# About this task
What is needed is a word-for-word copy of the lines below from the one with "Murrays handskrift om" through the one with "昼夜施工战犹酣,掀起大干保节", both included, with every picture left out.

# Data shown
━━━━━━

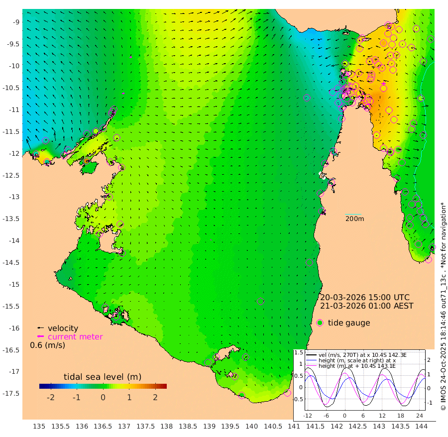 22cm/s 78T +3cm/s rms + 7cm/s -42T. ARA-GOC87 57m 6cm/s 64T +3cm/s rms + 2cm/s -2T. ARA-GOC87 60m 21cm/s 61T +2cm/s rms + 3cm/s 61T. ARA-GOC87 47m 109cm Daru 102cm Bobo Island 23cm Meer Island Barge 45cm Bramble Cay 81cm Unnamed Cay 78cm Pearce Cay 67cm Stephens Island 75cm Merrie England Shoals 100cm Mutacomal Reef 65cm Darnley Island Barge 21cm East Cay 87cm Yorke Island Barge 82cm Rennel Island 92cm Aureed Island 98cm Dungeness Reef 123cm Zagai Island 105cm Yam Island 91cm Dauan Island 95cm Saibai Island 109cm Phipi Reef 120cm Warrior Reef - West 57cm Mabuiag Island Barge 79cm Half Way Island 108cm Coconut Island 87cm Dugong Islet 103cm Poll Island 98cm Kirkcaldie Reef 110cm Suarji Island 107cm Sue Islet -56cm Hawkesbury Island 86cm Alert Patches 89cm Twin Island -18cm Badu Island 99cm St Pauls (Moa Island) -7cm Kubin (Moa Island) 55cm Ince Point 32cm Thursday Island 40cm Nardana Patches 0cm Turtle Head -9cm Round Island -57cm Goods Island -87cm Booby Island -82cm White Rocks Area -71cm Carpentaria 77cm Papou Point -55cm Bampfield Head -71cm Crab Island -82cm Red Wallis Island -31cm Packe Island 104cm Harrington Reef -53cm Herald Camp 39cm Sharp Point -7cm Red Island Point 56cm Possession Island 89cm Alpha Rock 98cm Frederick Point 110cm Wyborn Reef Light 112cm Tetley Island 30cm Triangle Reef 101cm Turtle Head Island 18cm Maclennan Cay -4cm Raine Island 75cm Mcsweeny Reef 66cm Collette Reef 29cm Shadwell Reef 70cm Hannibal Island 43cm Round Point -73cm Vrilya Point 34cm Cape Grenville 28cm Hicks Island 21cm Sir Charles Hardy Island 11cm Harvey Island 15cm Kay Reef 5cm Rocky Island -5cm Chapman Island -6cm Ham Reef 3cm Jubilee Reef 8cm Night Island -7cm Unnamed Reef No. 3 3cm Morris Island 0cm 1st 3 Mile Opening 1cm Creech Reef 5cm Fife Island -8cm Eden Reef 0cm Stanley Island -3cm Normanby River -85cm Yabooma Island -70cm Hutchison River -74cm Elcho Island -80cm North West Crocodile Island -9cm Cape Wessel -35cm Stevens Island 45cm Guluwuru Island -42cm Hopeful Bay -20cm Auster Point -27cm Two Island Bay -22cm Cadell Strait 161cm Mallison Island 34cm Melville Bay (Gove Harbour) 38cm Truant Island 39cm Cape Arnhem 36cm Cape Grey 36cm Hawk Island 29cm Milner Bay (Groote Eylandt) 17cm Cape Beatrice 18cm West Island 22cm Centre Island 30cm Mornington Island 21cm West Wellesley Islands 18cm Bountiful Island 9cm Albert River Mouth 34cm Sweers Island 12cm Karumba 1cm Nassau River Offshore -11cm Christmas Creek -38cm Archer River -40cm Boyd Point -57cm Weipa (Humbug Point) -39cm Pennefather River -65cm Cullen Point
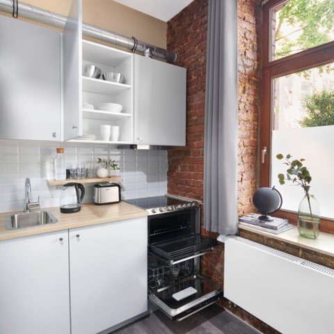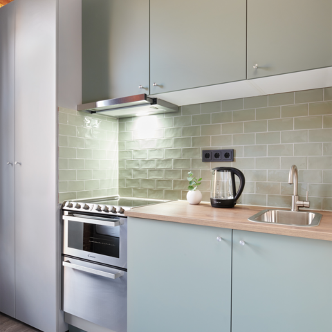 Kühl-/Gefrierschrank, Herdplatte, Backofen, Wasserkocher, Kaffeemaschine, Geschirr & Besteck
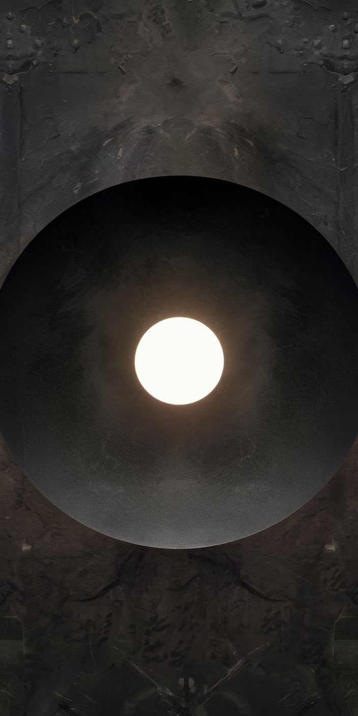 Upgrade your phone with this sleek symmetrical light wallpaper. The glowing circle and dark texture create a modern and balanced look. Perfect for a clean and mysterious vibe!
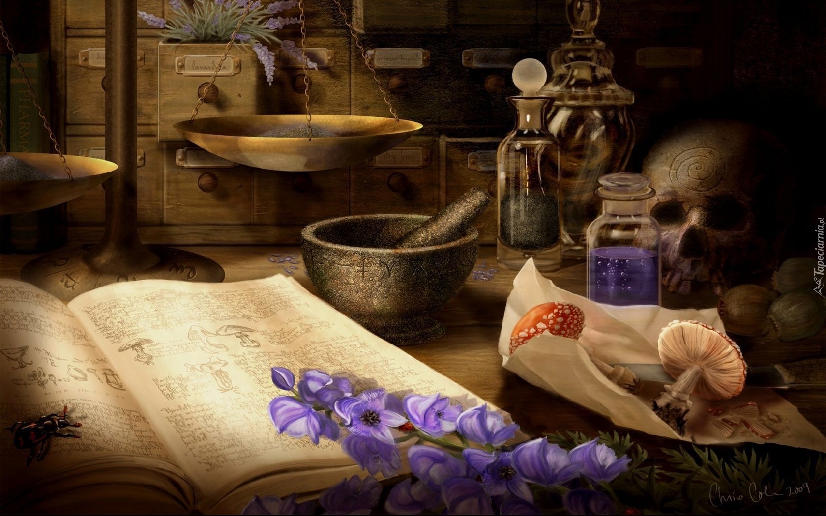 Edytor tapety: Księga, Kwiaty, Czaszka, Micha, Mikstury
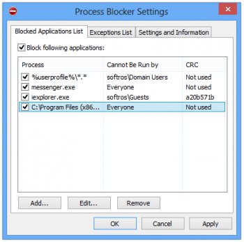 Process Blocker is a simple application giving ability to system administrator to prevent running of any program by user. Process Blocker may be useful in fight against IMs, games or other time-killers on work. The project is in development but usable enough. It is vital to view instruction on the project's web-site.
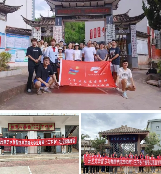 在大学生暑期“三下乡”实践活动中,学校团委组建28支实践团队,累计500余名师生奔赴云南、湖北、湖南、江西、四川等地开展“推普助振兴”“爱心支教团”等志愿服务活动,用实际行动服务边疆地区社会经济发展。其中“筑梦文创设计团”,用设计赋能红色文创,以创新延续红色精神,入选团中央“井冈情·中国梦”全国大学生社会实践专项行动;“‘泗’意成长,以礼益童”实践团队获云南省 2023 年“三下乡”社会实践活动优秀团队称号。
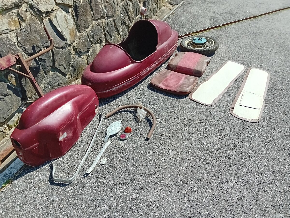 Prodám sajdu,vše co je na fotkách.Nové vnitřní čalounění, nepoškozené hliníkové lemy logo,původní sedačky.
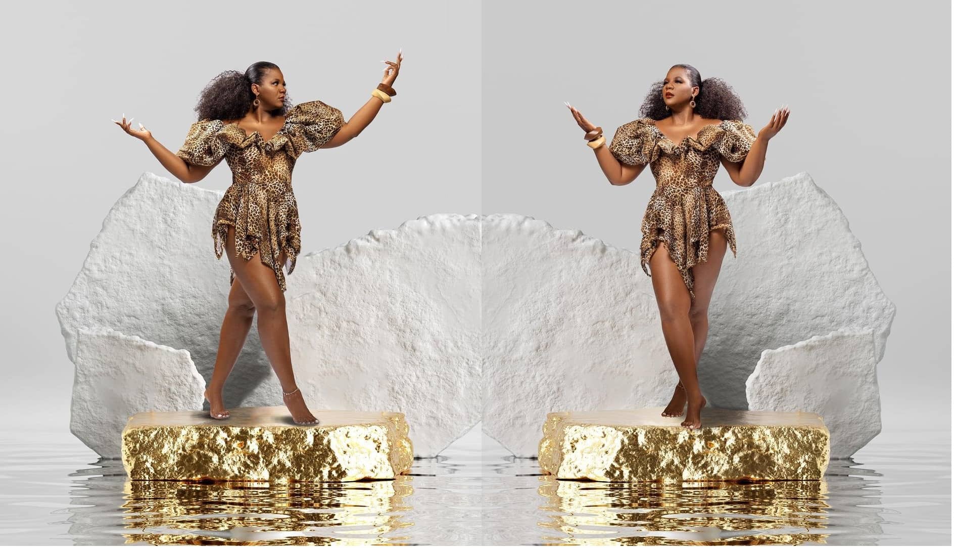 Today is Human Rights Day, and she spoiled fans with a unique photoshoot that gave off Zulu royal vibes. On her two photos, she’s wearing a gorgeous leopard print dress. Her dress is mini, and the fabric is cut intricately for that jungle fever theme. One of the most stunning aspects of the shoot is the background. Firstly, there are white ice sheet-shaped backdrops behind her. In her photos, she’s also standing on a golden pedestal.
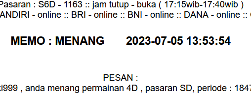 semua postingan komentar SARA, politik, saling menghujat serta saling merendahkan antara prediktor satu dengan yang lainnya jika kami lagi OL mohon maaf langsung kami hapus dan jika telah diperingatkan masih mengulang kami lock datanya
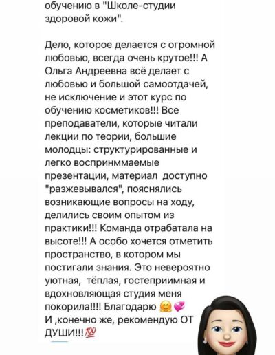 Со временем спрос на высококлассных специалистов в сфере косметологии будет только увеличиваться даже при наличии конкуренции. Школа студия здоровой кожи проводит обучение косметиков 4 и 5 разрядов, курсы повышения квалификации с выдачей свидетельств государственного образца. На базе студии проходят практические семинары и мастер-классы.
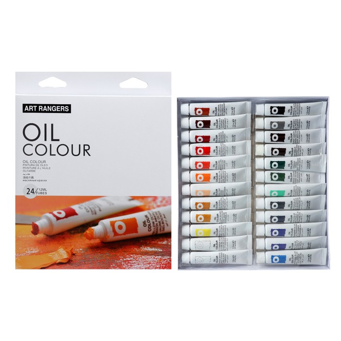 Набор кистей для рисования, синтетика, 6 штук: № 2, 4, 6, 8, 10, 12, плоские, скошенные, с цветными ручками, международный размер
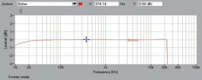 Pasmo przenoszenia (rys.1.) ma nieznaczny spadek przy 10 Hz (-0,8 dB), ale charakterystyka nagle "urywa się" tuż powyżej 20 kHz, wskazując na obecność jakiegoś filtra dolnoprzepustowego. Jest nim najprawdopodobniej przetwornik A/C (częstotliwość próbkowania 48 kHz) zastosowany w torze sygnałowym tuż za wejściami analogowymi. Mimo prób z różnymi ustawieniami i trybami, nie udało mi się jego wpływu wyeliminować. Prawdopodobnie, korzystając z wejść cyfrowych (HDMI) i pomijając tym samym konwersję, pasmo będzie jednak sięgać wyżej.
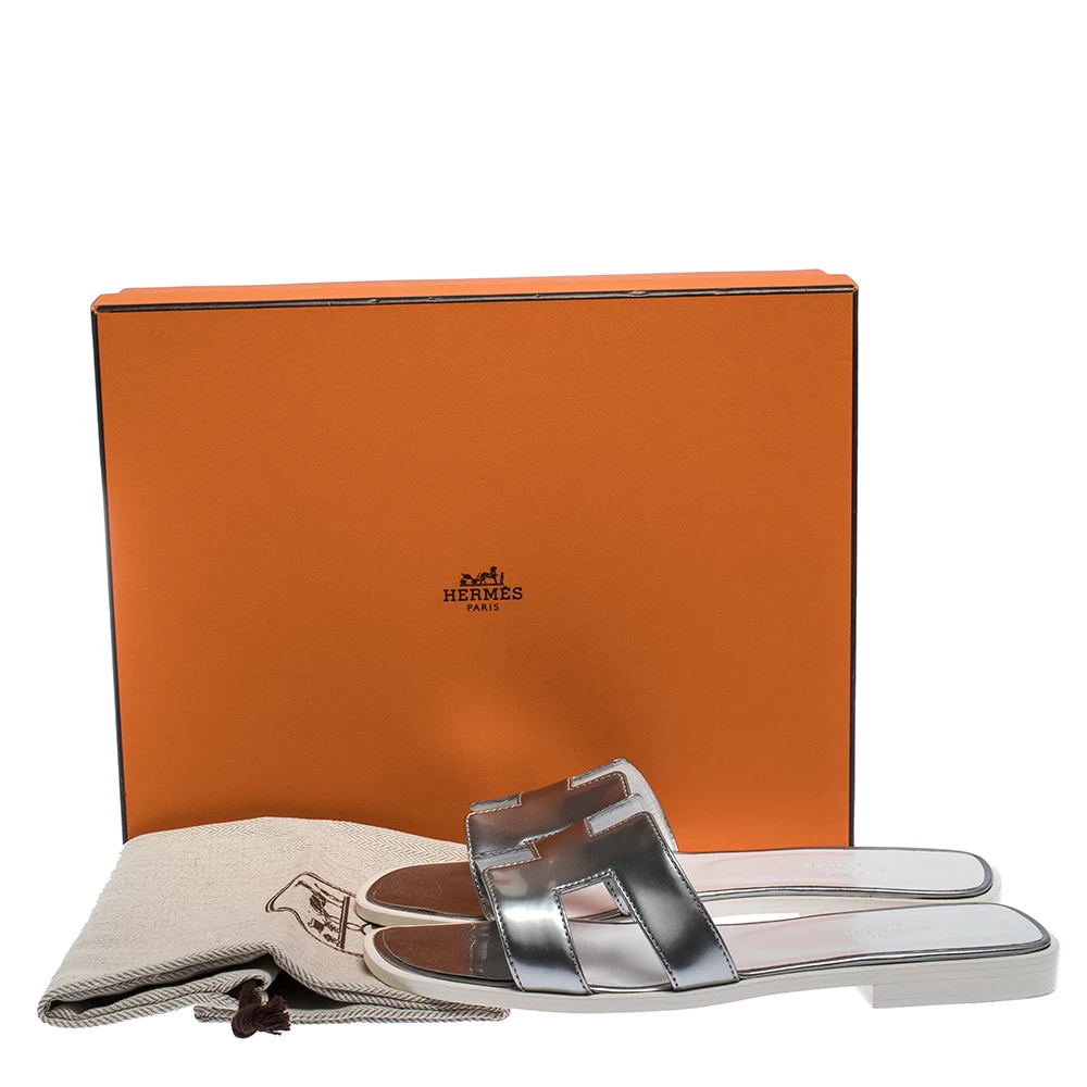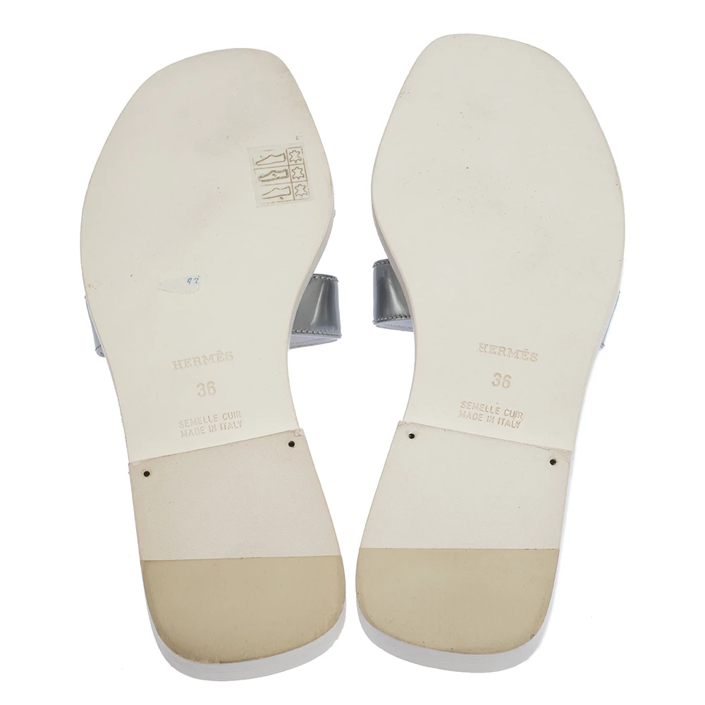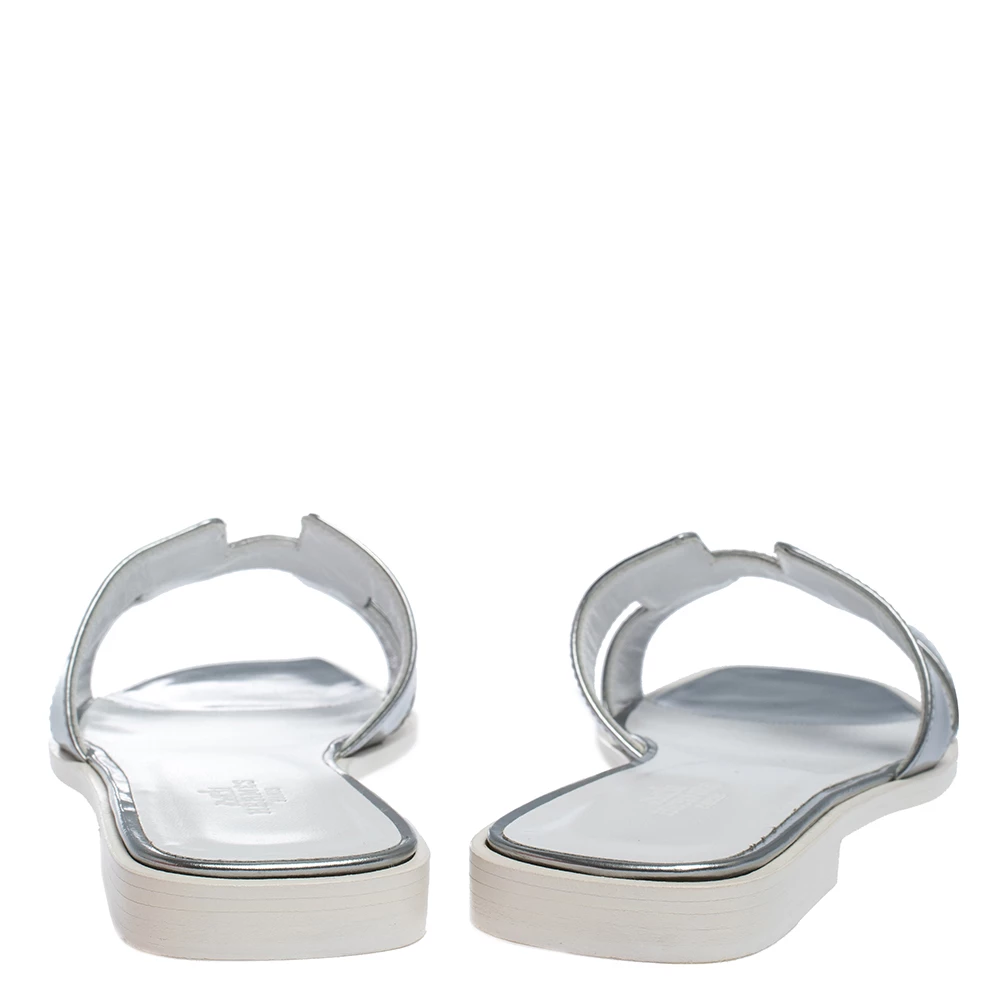 Put your best foot forward this season in these pretty Hermes sandals. These silver Oran sandals have been crafted from patent leather in Italy and they feature the iconic H on the vamps as well as insoles meant to provide comfort at every step. These sandals are sure to attract admirers!
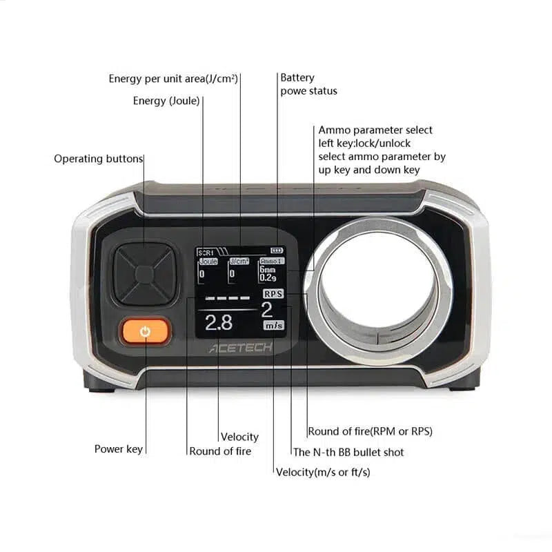 Expertly measure the speed of your Airsoft Gel Ball Blaster with AceTech AC6000 Chronograph. It's with the patented LED lens design and IR sensor. Obtain accurate readings for improved performance and precision in your gameplay.
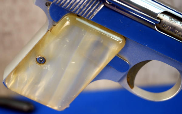 2" Stainless barrel; slide is nickeled and frame is stainless; imitation mother of pearl grips; gold trigger; mfg.1955-68; Belgium; SN#302996; A-302
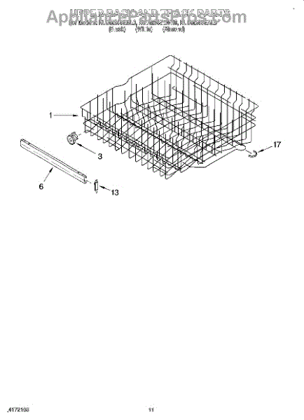 This genuine OEM part is a refrigerator upper dishrack. The upper dishrack is the tray on which dishes are placed on the top shelf of a dishwasher. If the dishrack is no longer sliding on its tracks, or is not staying in place during the wash cycle, it might need to be replaced. Luckily this is a very simple repair.To replace the upper dishrack, simply pull out the old dish rack and lift it up out of its tracks. Once removed from the dishwasher, take the new dishrack and gently slide it into place. Make sure it is placed correctly and that it is running smoothly on its tracks.This replacement part is sold individually and is compatible with Whirlpool, Maytag, KitchenAid, Jenn-Air, Amana, Magic Chef, Admiral, Norge, Roper, and Sears/Kenmore brand dishwashers.
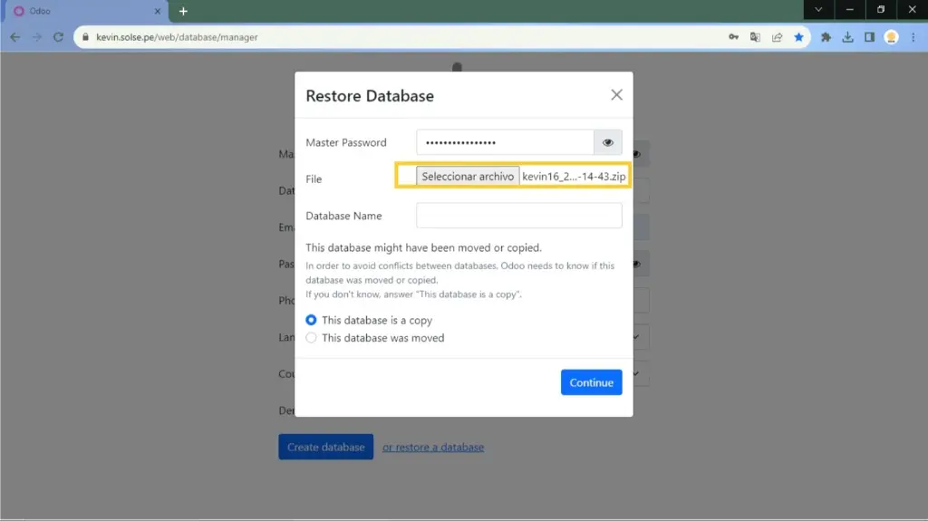 11) En el campo "File" damos clic en "Seleccionar archivo" para subir el backup.
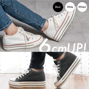 厚底 スニーカー レディース ミドルカット キャンバス 脚長 美脚 細見え インヒール 6cmUP/ブラック ホワイト ネイビー
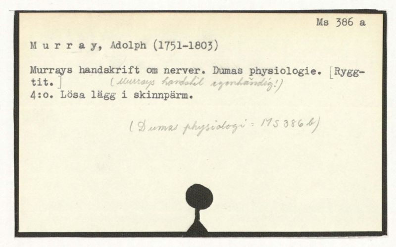 Murrays handskrift om nerver. Dumas physiologie. [Ryggtit.]
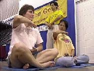 报道说,丹妮特-多娜吉(Danette Donaghy)女士在学习法轮功,法轮功也称法轮大法,是改善身心健康的中国古老功法。
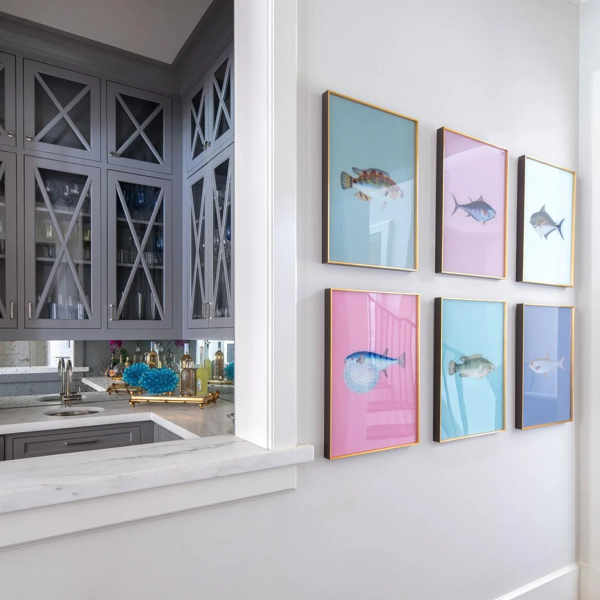 Scout exclusive pastel fish artwork. UV printed on acrylic film with a black and gold frame.
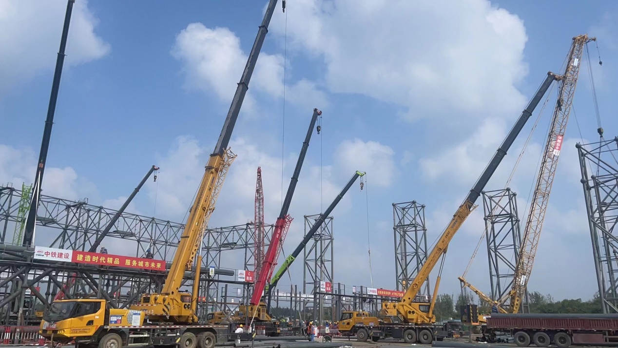 昼夜施工战犹酣,掀起大干保节点。连日来,在合肥航太雷电综合试验大厅项目的施工现场,一台台履带吊舞动铁臂,一辆辆运输车川流不息……这一曲人与机械共同演奏的“交响乐”,正是安徽富煌钢构股份有限公司一线施工作业者抢工大干谱写出的“奋斗之歌”。
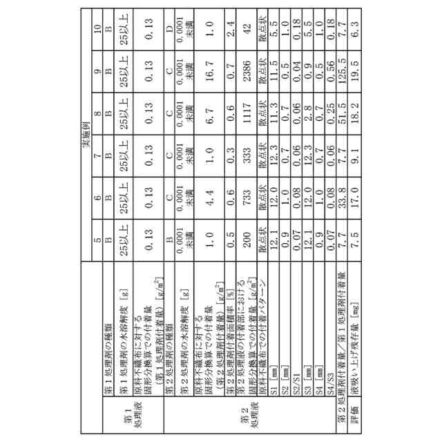 特許文献1及び2には、液膜開裂剤を用いた吸収性物品用不織布として、不織布の表面に、液膜開裂剤(化合物C1、C2)を含む含有部と、これを含まない非含有部とを有するものが記載されている。特許文献1及び2には、液膜開裂剤の水溶解度は0g以上0.025g以下が好ましいこと(特許文献1の請求項10、特許文献2の請求項11)、液膜開裂剤を繊維の表面に付着させる方法としてフレキソ印刷及びインクジェット印刷等が利用できること(特許文献1の[0017]及び[0162]、特許文献2の[0015]及び[0152])、液膜開裂剤は、不織布の構成繊維の表面全体に均等に付着させるよりも、繊維交絡点付近に局在させる方が好ましいこと(特許文献1の[0118]、特許文献2の[0102])等が記載されている。特許文献1及び2に記載の不織布によれば、不織布の繊維間にできる液膜を低減してより高いレベルでの液残り低減を実現しつつ、不織布の表面における液流れを防止できるとされている。

━━━━━━

# Output for this task
 Murrays handskrift om nerver. Dumas physiologie. [Ryggtit.]
 报道说,丹妮特-多娜吉(Danette Donaghy)女士在学习法轮功,法轮功也称法轮大法,是改善身心健康的中国古老功法。
 Scout exclusive pastel fish artwork. UV printed on acrylic film with a black and gold frame.
 昼夜施工战犹酣,掀起大干保节点。连日来,在合肥航太雷电综合试验大厅项目的施工现场,一台台履带吊舞动铁臂,一辆辆运输车川流不息……这一曲人与机械共同演奏的“交响乐”,正是安徽富煌钢构股份有限公司一线施工作业者抢工大干谱写出的“奋斗之歌”。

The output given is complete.